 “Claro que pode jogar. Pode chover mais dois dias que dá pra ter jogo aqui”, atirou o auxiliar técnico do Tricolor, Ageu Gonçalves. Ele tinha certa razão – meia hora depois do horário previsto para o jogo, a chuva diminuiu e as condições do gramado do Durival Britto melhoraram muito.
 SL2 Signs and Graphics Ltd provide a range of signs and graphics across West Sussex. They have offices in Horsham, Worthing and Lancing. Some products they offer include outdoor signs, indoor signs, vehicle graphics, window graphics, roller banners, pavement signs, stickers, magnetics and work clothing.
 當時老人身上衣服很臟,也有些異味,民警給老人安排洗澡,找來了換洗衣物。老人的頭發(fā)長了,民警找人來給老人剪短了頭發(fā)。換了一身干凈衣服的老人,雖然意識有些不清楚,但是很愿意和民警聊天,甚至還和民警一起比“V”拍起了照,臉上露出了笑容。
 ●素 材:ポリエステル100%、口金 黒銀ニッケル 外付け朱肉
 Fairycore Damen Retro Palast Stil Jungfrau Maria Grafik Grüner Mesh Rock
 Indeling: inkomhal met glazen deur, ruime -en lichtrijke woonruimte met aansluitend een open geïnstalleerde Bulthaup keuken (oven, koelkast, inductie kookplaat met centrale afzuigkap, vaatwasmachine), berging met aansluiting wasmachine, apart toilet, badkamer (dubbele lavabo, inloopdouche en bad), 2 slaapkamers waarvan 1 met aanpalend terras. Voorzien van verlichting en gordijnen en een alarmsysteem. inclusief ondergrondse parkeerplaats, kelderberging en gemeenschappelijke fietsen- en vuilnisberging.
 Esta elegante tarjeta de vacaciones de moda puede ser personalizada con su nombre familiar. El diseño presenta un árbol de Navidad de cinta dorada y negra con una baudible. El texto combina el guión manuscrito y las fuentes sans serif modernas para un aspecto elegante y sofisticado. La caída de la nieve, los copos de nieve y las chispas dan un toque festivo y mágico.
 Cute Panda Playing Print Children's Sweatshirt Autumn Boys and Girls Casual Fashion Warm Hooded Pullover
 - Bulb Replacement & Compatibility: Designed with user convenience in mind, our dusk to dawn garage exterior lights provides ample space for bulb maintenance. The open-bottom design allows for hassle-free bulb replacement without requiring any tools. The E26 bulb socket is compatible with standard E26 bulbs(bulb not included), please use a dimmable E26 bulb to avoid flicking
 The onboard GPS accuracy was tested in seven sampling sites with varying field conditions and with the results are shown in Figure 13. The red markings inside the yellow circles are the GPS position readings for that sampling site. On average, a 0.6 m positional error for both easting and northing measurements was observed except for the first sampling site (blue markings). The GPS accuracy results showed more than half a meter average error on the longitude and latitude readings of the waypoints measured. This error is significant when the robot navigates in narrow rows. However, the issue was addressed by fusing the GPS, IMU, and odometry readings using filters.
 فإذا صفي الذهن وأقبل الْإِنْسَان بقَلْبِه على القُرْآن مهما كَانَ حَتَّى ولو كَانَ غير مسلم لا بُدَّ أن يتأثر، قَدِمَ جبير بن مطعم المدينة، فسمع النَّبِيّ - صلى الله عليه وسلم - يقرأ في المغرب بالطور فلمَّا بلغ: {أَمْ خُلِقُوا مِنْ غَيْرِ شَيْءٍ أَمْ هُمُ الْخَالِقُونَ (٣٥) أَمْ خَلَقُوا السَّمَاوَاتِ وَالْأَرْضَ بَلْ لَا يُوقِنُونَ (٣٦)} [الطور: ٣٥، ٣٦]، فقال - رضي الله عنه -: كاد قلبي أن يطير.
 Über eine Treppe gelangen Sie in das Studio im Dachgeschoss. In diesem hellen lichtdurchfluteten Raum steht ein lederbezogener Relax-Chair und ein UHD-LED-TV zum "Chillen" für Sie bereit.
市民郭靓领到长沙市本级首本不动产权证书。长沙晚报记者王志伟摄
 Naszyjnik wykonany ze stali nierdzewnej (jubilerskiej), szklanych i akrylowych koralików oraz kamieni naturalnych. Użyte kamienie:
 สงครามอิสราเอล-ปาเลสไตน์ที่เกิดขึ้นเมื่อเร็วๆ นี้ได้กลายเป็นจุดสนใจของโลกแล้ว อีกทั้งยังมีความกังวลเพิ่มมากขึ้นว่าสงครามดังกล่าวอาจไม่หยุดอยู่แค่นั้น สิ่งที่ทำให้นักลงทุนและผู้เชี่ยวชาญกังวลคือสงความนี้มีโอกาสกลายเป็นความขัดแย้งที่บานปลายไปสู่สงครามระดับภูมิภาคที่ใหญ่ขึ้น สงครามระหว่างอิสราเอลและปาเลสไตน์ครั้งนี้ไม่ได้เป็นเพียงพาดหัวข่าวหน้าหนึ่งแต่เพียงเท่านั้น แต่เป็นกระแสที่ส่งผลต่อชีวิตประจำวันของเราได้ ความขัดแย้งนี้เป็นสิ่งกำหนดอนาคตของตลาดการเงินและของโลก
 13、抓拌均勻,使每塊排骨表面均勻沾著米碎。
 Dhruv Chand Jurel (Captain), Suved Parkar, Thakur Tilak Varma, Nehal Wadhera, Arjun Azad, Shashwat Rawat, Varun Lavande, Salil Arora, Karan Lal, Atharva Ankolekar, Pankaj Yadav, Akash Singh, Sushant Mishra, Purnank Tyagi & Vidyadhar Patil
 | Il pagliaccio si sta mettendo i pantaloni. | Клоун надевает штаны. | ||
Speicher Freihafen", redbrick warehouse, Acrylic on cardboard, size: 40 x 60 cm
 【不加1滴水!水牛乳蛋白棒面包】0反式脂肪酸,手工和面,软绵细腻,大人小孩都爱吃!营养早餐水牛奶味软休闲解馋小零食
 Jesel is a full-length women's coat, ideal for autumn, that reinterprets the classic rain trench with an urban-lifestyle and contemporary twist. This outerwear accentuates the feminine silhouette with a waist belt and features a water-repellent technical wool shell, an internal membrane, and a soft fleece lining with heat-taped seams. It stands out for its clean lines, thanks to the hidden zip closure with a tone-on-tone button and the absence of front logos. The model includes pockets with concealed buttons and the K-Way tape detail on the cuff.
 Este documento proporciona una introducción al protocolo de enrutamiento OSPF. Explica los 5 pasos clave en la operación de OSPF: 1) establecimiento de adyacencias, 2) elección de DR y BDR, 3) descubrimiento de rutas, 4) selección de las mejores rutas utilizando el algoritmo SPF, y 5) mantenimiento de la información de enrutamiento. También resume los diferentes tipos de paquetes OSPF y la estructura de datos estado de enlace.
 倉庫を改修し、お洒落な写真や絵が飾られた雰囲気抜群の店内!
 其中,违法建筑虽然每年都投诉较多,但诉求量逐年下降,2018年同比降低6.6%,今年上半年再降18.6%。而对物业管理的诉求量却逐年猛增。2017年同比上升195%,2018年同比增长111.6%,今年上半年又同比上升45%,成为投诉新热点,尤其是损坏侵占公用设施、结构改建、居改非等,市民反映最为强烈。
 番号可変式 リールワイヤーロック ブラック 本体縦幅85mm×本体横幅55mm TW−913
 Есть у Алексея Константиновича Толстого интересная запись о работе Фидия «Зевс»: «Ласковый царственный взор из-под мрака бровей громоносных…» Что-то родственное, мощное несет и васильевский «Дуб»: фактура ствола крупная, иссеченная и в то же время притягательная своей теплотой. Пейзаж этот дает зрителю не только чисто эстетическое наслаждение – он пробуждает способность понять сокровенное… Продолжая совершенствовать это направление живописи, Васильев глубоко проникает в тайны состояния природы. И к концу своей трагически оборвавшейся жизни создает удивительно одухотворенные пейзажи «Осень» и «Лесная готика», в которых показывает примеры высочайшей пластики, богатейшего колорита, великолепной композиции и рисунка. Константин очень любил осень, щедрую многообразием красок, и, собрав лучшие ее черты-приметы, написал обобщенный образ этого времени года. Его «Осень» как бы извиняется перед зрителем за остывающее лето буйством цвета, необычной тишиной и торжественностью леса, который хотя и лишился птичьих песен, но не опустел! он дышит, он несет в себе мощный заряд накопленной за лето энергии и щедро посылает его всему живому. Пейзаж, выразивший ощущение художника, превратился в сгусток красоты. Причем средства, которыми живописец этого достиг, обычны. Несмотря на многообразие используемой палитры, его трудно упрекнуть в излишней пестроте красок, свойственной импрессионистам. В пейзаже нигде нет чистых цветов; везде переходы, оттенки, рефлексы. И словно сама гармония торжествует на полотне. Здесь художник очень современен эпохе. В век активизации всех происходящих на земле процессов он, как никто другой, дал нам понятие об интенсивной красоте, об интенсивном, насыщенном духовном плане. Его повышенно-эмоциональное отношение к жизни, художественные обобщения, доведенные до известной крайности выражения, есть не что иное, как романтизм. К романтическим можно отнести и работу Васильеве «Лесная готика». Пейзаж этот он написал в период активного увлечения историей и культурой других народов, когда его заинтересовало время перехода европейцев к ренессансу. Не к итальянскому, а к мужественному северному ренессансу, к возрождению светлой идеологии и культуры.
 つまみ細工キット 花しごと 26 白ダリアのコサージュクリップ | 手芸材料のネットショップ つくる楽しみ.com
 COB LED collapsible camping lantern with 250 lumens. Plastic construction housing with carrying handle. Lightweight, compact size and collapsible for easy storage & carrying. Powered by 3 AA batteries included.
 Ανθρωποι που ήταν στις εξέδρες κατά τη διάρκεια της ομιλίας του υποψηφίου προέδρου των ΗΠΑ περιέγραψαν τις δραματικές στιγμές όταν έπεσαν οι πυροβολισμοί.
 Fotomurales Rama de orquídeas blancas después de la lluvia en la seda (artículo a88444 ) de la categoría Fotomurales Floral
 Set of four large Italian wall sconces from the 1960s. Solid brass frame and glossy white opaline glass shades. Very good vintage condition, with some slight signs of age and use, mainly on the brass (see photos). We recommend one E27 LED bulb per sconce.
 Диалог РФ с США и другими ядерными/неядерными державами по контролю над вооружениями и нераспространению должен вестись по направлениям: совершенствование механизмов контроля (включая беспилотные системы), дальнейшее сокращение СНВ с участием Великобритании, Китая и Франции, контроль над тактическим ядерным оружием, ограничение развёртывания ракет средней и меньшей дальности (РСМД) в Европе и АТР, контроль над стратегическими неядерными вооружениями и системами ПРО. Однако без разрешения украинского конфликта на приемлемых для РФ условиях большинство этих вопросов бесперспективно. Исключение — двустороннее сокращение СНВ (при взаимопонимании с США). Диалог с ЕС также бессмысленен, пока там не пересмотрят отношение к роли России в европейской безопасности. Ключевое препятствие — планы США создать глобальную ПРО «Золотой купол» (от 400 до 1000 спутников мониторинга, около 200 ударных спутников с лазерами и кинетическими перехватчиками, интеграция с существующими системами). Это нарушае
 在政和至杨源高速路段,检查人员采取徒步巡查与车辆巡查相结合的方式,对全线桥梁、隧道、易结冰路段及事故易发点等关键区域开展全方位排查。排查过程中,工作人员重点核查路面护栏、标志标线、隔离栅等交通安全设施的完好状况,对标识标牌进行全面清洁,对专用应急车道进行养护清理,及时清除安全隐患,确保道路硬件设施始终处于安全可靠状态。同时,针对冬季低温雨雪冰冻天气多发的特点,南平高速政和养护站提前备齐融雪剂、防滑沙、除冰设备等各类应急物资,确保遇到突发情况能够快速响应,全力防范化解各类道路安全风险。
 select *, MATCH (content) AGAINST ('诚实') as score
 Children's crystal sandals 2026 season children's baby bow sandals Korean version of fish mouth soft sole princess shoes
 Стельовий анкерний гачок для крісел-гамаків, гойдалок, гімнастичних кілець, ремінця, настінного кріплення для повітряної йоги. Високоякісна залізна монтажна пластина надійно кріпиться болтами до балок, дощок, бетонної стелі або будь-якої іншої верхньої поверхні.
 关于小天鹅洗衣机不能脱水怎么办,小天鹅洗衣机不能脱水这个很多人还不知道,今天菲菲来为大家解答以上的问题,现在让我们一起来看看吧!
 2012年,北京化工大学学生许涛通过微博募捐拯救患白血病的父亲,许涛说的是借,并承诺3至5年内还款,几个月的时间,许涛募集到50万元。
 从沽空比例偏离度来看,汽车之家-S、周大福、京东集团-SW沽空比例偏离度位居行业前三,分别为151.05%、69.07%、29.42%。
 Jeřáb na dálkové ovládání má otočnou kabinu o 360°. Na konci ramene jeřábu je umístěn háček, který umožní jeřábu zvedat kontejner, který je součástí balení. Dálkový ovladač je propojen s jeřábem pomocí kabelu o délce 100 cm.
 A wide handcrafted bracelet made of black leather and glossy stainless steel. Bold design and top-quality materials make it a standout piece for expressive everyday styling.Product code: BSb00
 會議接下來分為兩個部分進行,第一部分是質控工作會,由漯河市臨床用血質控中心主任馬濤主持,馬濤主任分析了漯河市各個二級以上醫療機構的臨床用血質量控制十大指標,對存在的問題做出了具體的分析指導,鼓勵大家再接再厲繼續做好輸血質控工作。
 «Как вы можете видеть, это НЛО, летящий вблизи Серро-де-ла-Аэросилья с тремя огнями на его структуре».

• _Your objective_:
At the line containing "會議接下來分為兩個部分進行,第一部分是質", start copying. Continue exactly through the final line of the entries above and stop there.

• _Response to the exercise_:
 會議接下來分為兩個部分進行,第一部分是質控工作會,由漯河市臨床用血質控中心主任馬濤主持,馬濤主任分析了漯河市各個二級以上醫療機構的臨床用血質量控制十大指標,對存在的問題做出了具體的分析指導,鼓勵大家再接再厲繼續做好輸血質控工作。
 «Как вы можете видеть, это НЛО, летящий вблизи Серро-де-ла-Аэросилья с тремя огнями на его структуре».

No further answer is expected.